> [THE DATA]:

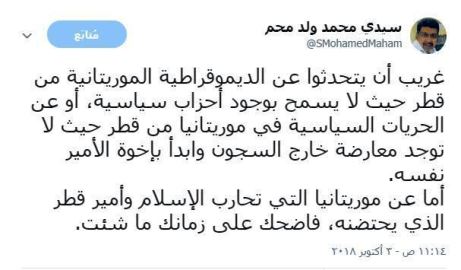 استغرب الاستاذ سيدي محمد ولد محم رئيس الحزب الحاكم في موريتانيا هجوم القطريين على التجرية الديموقراطية في موريتانيا حيث أوضح ان دولة مثل قطر حيث حيث يوجد إخوة الأمير في السجون لمعارضتهم إياهم مثل باقي المعارضين ليس من حقها ان تهاجم دولا ديموقراطية تضمن حرية التعبير لمواطنيها بكل حرية
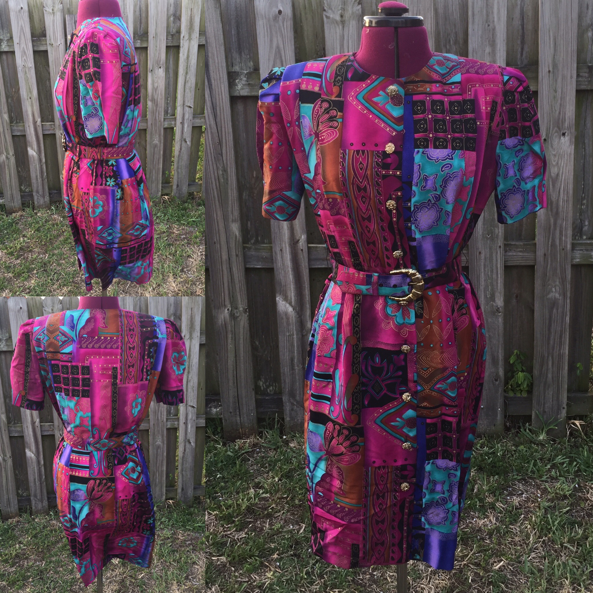 Multi Print Dress With Matching Belt. Size 12P/True Medium.
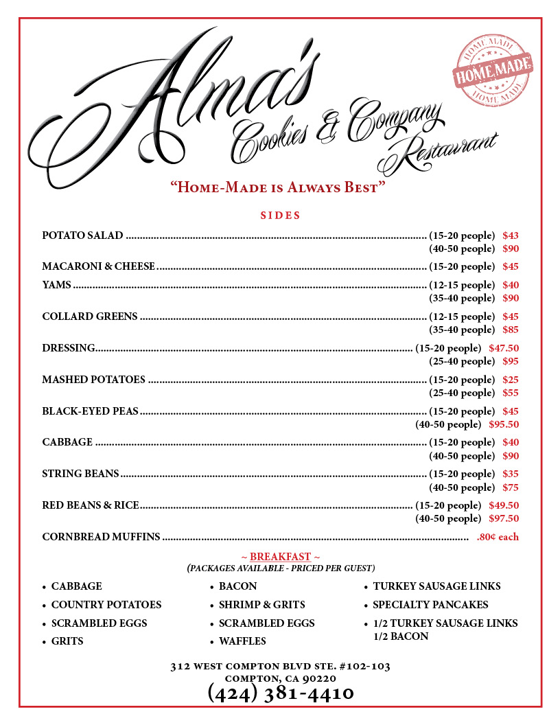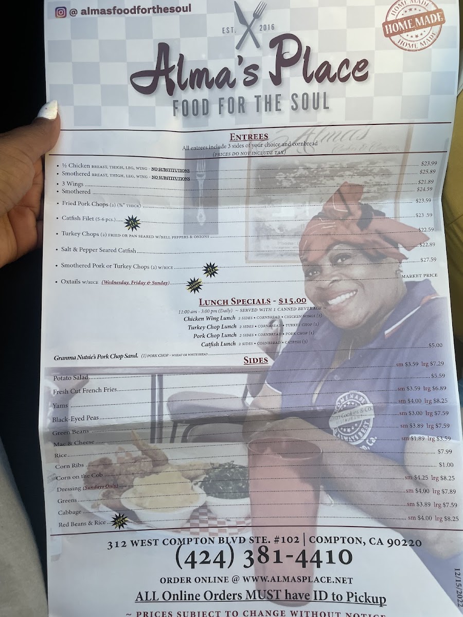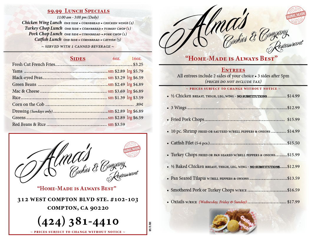 Welcome to Alma's Place, a delightful soul food restaurant nestled at 312 W Compton Blvd Suite #102 in Compton, CA. This charming eatery is a beacon for lovers of rich, hearty Southern cuisine and offers an authentic taste of comfort food that warms both the heart and soul.
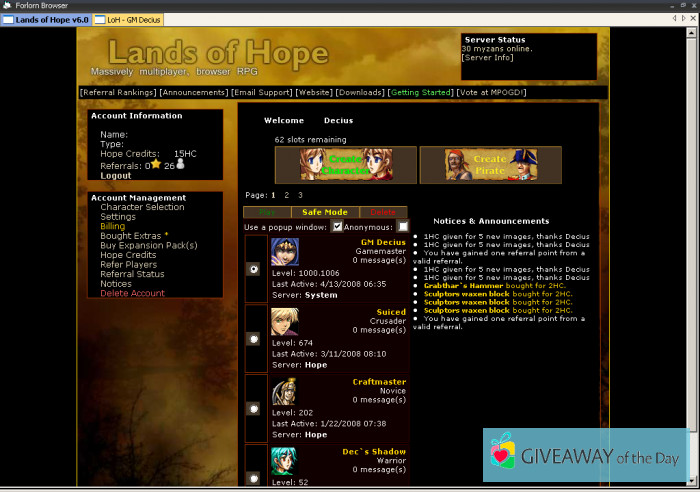 Lands of Hope 6.0 is provided free of charge on Download Basket. The fact that Forlorn Games is the developer of this game is well-known by its users. Based on the community opinions, the weak side of it is: it is not user-friendly.

> [WHAT NEEDS TO BE DONE]: Write out the listing again word for word, but without its pictures.

> [ANSWER AREA]:
 استغرب الاستاذ سيدي محمد ولد محم رئيس الحزب الحاكم في موريتانيا هجوم القطريين على التجرية الديموقراطية في موريتانيا حيث أوضح ان دولة مثل قطر حيث حيث يوجد إخوة الأمير في السجون لمعارضتهم إياهم مثل باقي المعارضين ليس من حقها ان تهاجم دولا ديموقراطية تضمن حرية التعبير لمواطنيها بكل حرية
 Multi Print Dress With Matching Belt. Size 12P/True Medium.
 Welcome to Alma's Place, a delightful soul food restaurant nestled at 312 W Compton Blvd Suite #102 in Compton, CA. This charming eatery is a beacon for lovers of rich, hearty Southern cuisine and offers an authentic taste of comfort food that warms both the heart and soul.
 Lands of Hope 6.0 is provided free of charge on Download Basket. The fact that Forlorn Games is the developer of this game is well-known by its users. Based on the community opinions, the weak side of it is: it is not user-friendly.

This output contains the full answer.